WHAT YOU NEED TO DO
Without the pictures, copy all the entries below exactly.
Segment Start: MATERIAL TO PROCESS
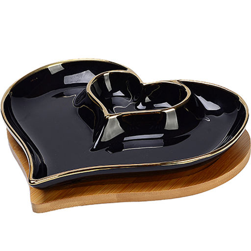 12089 Менажница Сердце 2 секции с подставкой 2пр фарфор/дерево LR (х24)
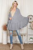 Look stylishly cozy in this chic Knit Ruffle Kimono! Made with solid colored fabrics, this kimono offers an upgrade to any look with its unique ruffles and soft knit texture. Look great and feel comfy!
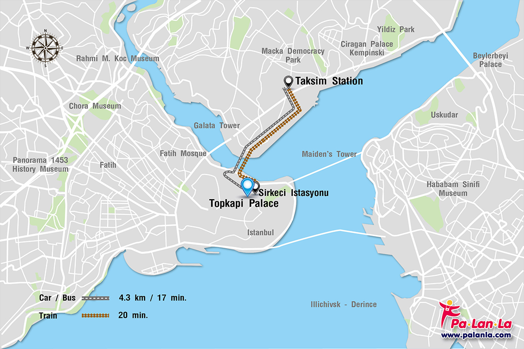 จากสถานี Taksim นักท่องเที่ยวสามารถเดินทางไปยัง Topkapi Palace ซึ่งตั้งอยู่ในเขตเมืองเก่าของอิสตันบูลได้ด้วยวิธีต่างๆ ดังนี้
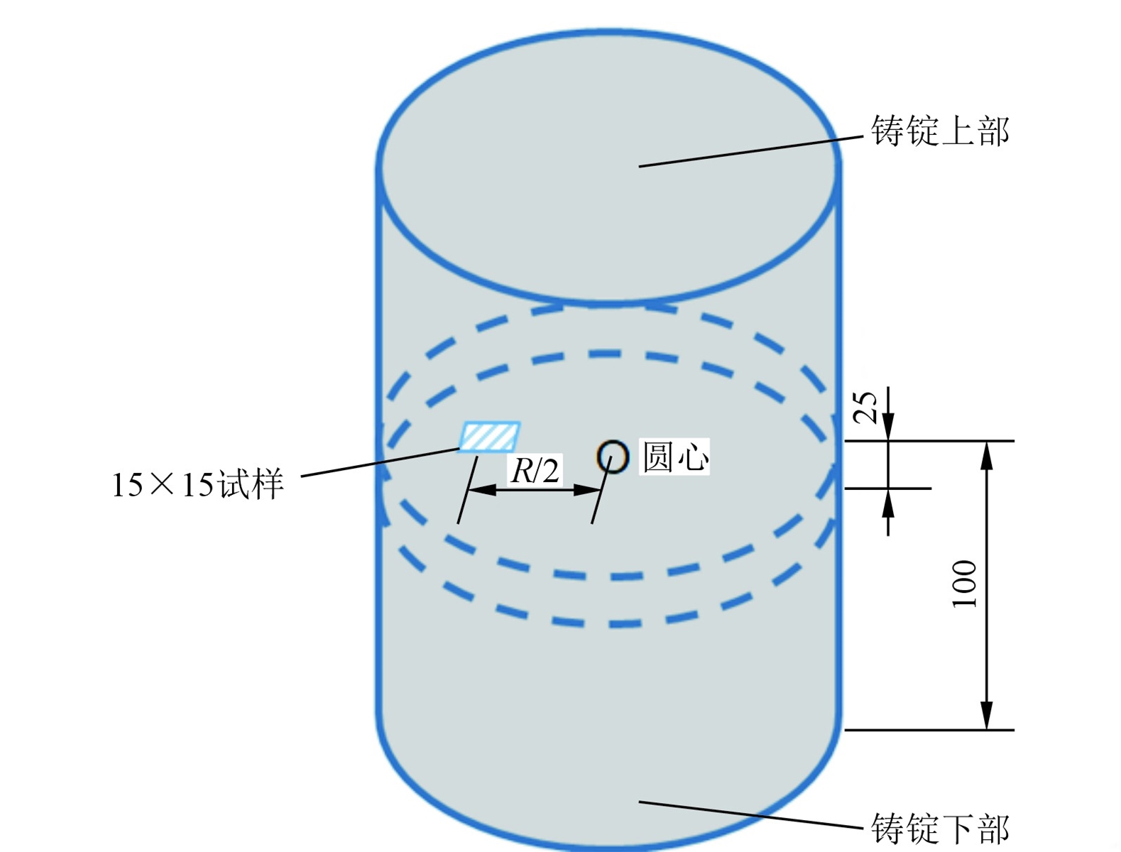 用于显微组织观察分析的金相试样均取自铸锭中部(距离铸锭底部100 mm),切取25 mm厚圆片(见图2中虚线位置)。宏观组织试样采用精密车床进行表面加工并经磨床打磨,然后用1号化学腐蚀剂(5 mL的HF+25 mL的HNO3+75 mL的HCL)进行表面腐蚀,然后用ScanMaker i800 plus高清晰扫描仪扫描宏观组织。微观组织观察金相试样尺寸为15 mm×15 mm×25 mm,依次使用200、600、1 200和2 000号砂纸对金相试样进行预磨,细绒布抛光后,用2号化学腐蚀剂(5 mL的HF+95 mL的去离子H2O)进行表面腐蚀。采用Axiovert 200MAT光学显微镜和JSM-6460型扫描电镜(SEM)进行显微组织分析。
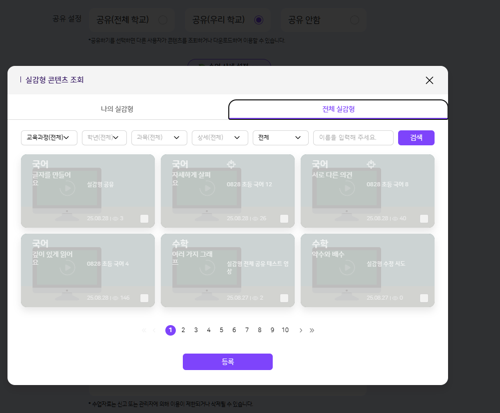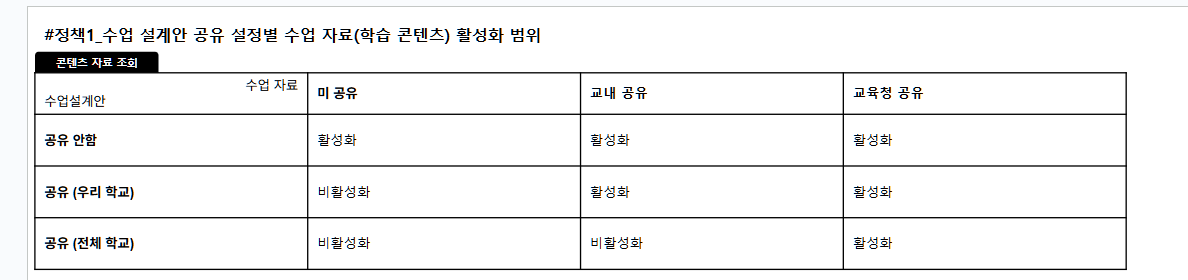 | Description | 수업 설계 - 실감형 > 콘텐츠 조회가 정책과 상이함 - 수업설계안이 우리학교 공유로 설정되어 있으나 교내, 교육청 공유(전체 실감형에 노출되는) 콘텐츠가 비활성 처리 | ||||
Segment End: MATERIAL TO PROCESS
ANSWER AREA
 12089 Менажница Сердце 2 секции с подставкой 2пр фарфор/дерево LR (х24)
 Look stylishly cozy in this chic Knit Ruffle Kimono! Made with solid colored fabrics, this kimono offers an upgrade to any look with its unique ruffles and soft knit texture. Look great and feel comfy!
 จากสถานี Taksim นักท่องเที่ยวสามารถเดินทางไปยัง Topkapi Palace ซึ่งตั้งอยู่ในเขตเมืองเก่าของอิสตันบูลได้ด้วยวิธีต่างๆ ดังนี้
 用于显微组织观察分析的金相试样均取自铸锭中部(距离铸锭底部100 mm),切取25 mm厚圆片(见图2中虚线位置)。宏观组织试样采用精密车床进行表面加工并经磨床打磨,然后用1号化学腐蚀剂(5 mL的HF+25 mL的HNO3+75 mL的HCL)进行表面腐蚀,然后用ScanMaker i800 plus高清晰扫描仪扫描宏观组织。微观组织观察金相试样尺寸为15 mm×15 mm×25 mm,依次使用200、600、1 200和2 000号砂纸对金相试样进行预磨,细绒布抛光后,用2号化学腐蚀剂(5 mL的HF+95 mL的去离子H2O)进行表面腐蚀。采用Axiovert 200MAT光学显微镜和JSM-6460型扫描电镜(SEM)进行显微组织分析。
 | Description | 수업 설계 - 실감형 > 콘텐츠 조회가 정책과 상이함 - 수업설계안이 우리학교 공유로 설정되어 있으나 교내, 교육청 공유(전체 실감형에 노출되는) 콘텐츠가 비활성 처리 | ||||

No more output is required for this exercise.